― Со мной Хэнк. Мы отвезём тебя в участок, ты должна сообщить о том, что сделал Роберт, ― он говорил торопливо, но внутренне одёргивал себя, чтобы не начинать давить. ― Посмотри на меня, прошу: действуем быстро, судмедэкспертизу нужно назначить в ближайшие часы, но это я всё беру на себя, твоя задача сейчас просто пойти со мной без промедлений. ― Умолк на несколько секунд, поглядев себе под ноги, нахмурился и вновь посмотрел в лицо Мари. ― Это будет унизительно, но это необходимо.
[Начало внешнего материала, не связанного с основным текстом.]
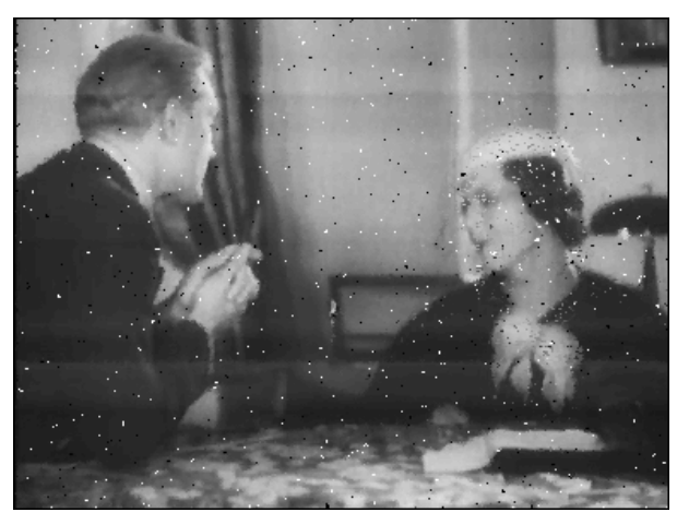
Fig. 7. 3D+++ filter with m.d. by using the current pixel and at least one neighbor, T = 0.05.

Тебе придётся потерпеть. Обещаю, я сделаю всё, чтобы это закончилось как можно скорее. ― Коннор заключил в ладони её ослабевшие пальцы, легонько поцеловал и прижал к щеке, измученно выдохнув.
― У тебя кровь, ― с вялым беспокойством заметила его ободранные костяшки.
― Пустяки.
― Что ты сделал?
― Ну, я его не убил…
Мари издала сдавленный смешок, но на её лице не дрогнул ни единый мускул, и глаза всё так же бесцветно смотрели сквозь пустоту. Коннор помог ей подняться и проводил вниз. Кларисса кружила подле, как испуганная пчела, изо всех сил пытаясь выяснить, что происходит и почему они оба себя так странно ведут.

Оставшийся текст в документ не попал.